Atomics.wait Visibility Bug

Cross-engine happens-before ordering failure with 3+ workers
Discovered during SpawnDev.ILGPU v4.6.0 development

Environment

Cross-Origin Isolated checking...
SharedArrayBuffer checking...
Hardware Concurrency checking...
Browser Engine checking...

The Bug

When 3 or more Web Workers synchronize using a generation-counting barrier with Atomics.wait / Atomics.notify, workers whose Atomics.wait returns "not-equal" (because the generation already changed) do not see prior stores from all other workers.

With 2 workers, wait/notify works correctly. With 3+ workers, ~66% of cross-worker reads are stale — exactly 2/3, because each worker reads 2 other workers' slots and sees neither.
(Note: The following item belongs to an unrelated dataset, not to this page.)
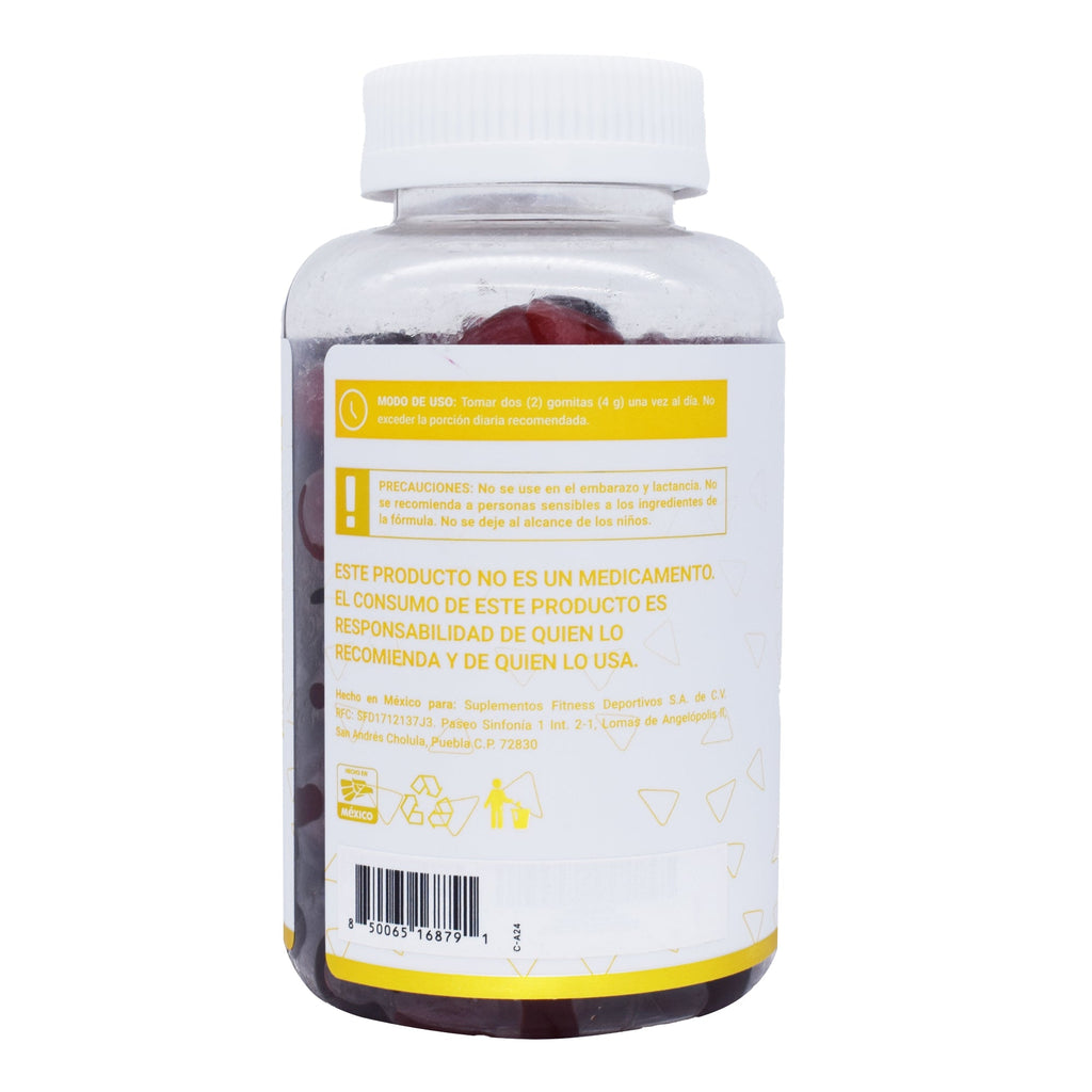 Jarabe de agave, pectina hidratada, fibra polidextrosa, ácido cítrico, stevia, sabor natural, palma de carnaúba, benzoato de potasio, color natural morado, zanahoria morada y rojo, pimiento rojo

The synchronization edge flows from the last arriver (who calls notify) to woken waiters, but not transitively to workers that observe the generation change via the "not-equal" fast path.

This is not engine-specific. Confirmed on V8 (Chrome 146, Chrome Canary 148, Node.js 22), SpiderMonkey (Firefox 148), all on Windows 11 / AMD Ryzen 5 7500F. Two independent JS engines exhibit nearly identical ~63-66% failure rates, pointing to a spec-level issue in the ECMAScript memory model rather than an implementation bug in any single engine.

Replacing Atomics.wait with a pure Atomics.load spin loop eliminates the issue completely on all tested engines. Every Atomics.load is seq_cst, so when a worker observes the new generation, all prior stores from all threads are guaranteed visible.

Barrier Protocol & Race Condition Diagram

The generation-counting barrier: each worker arrives, the last arriver bumps the generation and notifies. The bug is in the "not-equal" return path.

Timeline with 3 Workers: Worker A Worker B Worker C ────────── ────────── ────────── data[0] = 42 data[1] = 99 data[2] = 7 // non-atomic writes │ │ │ add(arrival, 1) add(arrival, 1) add(arrival, 1) // arrive at barrier arrived = 1 arrived = 2 arrived = 3 (LAST) │ │ │ wait(gen, 0) wait(gen, 0) store(arrival, 0) ...sleeping... │ but gen is add(gen, 1) // gen = 1 │ │ already 1! notify(gen) │ │ │ woken by notify wait returns (past barrier) sees gen = 1 "not-equal" │ │ │ read data[2] = 7 OK read data[0] = ??? read data[1] = 99 OK read data[2] = ??? Worker B's Atomics.wait returned "not-equal" because gen was already bumped. V8 does NOT enforce happens-before in this case — stale reads result.
Barrier Algorithm (JavaScript)
// Generation-counting barrier — the standard pattern
function barrier(view, arrivalIdx, genIdx, workerCount) {
    const myGen = Atomics.load(view, genIdx);
    const arrived = Atomics.add(view, arrivalIdx, 1) + 1;

    if (arrived === workerCount) {
        // Last arriver: reset counter, bump generation, notify
        Atomics.store(view, arrivalIdx, 0);
        Atomics.add(view, genIdx, 1);
        Atomics.notify(view, genIdx);
    } else {
        // Wait for generation to change
        while (Atomics.load(view, genIdx) === myGen) {
            Atomics.wait(view, genIdx, myGen);
            //         ^^^ BUG: "not-equal" return does NOT provide
            //             happens-before for third-party stores
        }
    }
}

// Workaround: pure spin barrier
function barrierSpin(view, arrivalIdx, genIdx, workerCount) {
    const myGen = Atomics.load(view, genIdx);
    const arrived = Atomics.add(view, arrivalIdx, 1) + 1;

    if (arrived === workerCount) {
        Atomics.store(view, arrivalIdx, 0);
        Atomics.add(view, genIdx, 1);
    } else {
        while (Atomics.load(view, genIdx) === myGen) {
            // Pure spin — every Atomics.load is seq_cst
            // When we see the new gen, ALL prior stores are visible
        }
    }
}
ECMAScript Spec Reference

The ECMAScript specification defines Atomics.wait in Section 25.4.12 (ES2024). The agent enters the WaiterList critical section, then compares the value. If it differs, the function returns "not-equal" without suspending.

The Memory Model (Section 29) defines synchronization via Synchronize events. Atomics.notify synchronizes with agents it wakes. The question is: does the critical section entry in Atomics.wait (even on the "not-equal" fast path) create a synchronization edge to all prior writes from all agents?

The WebAssembly Threads proposal specifies memory.atomic.wait32 to perform an ARDSEQCST (atomic read with seq_cst ordering) as its first step. This should establish ordering regardless of the return path. If V8's "not-equal" fast path skips the full fence, that is a conformance issue.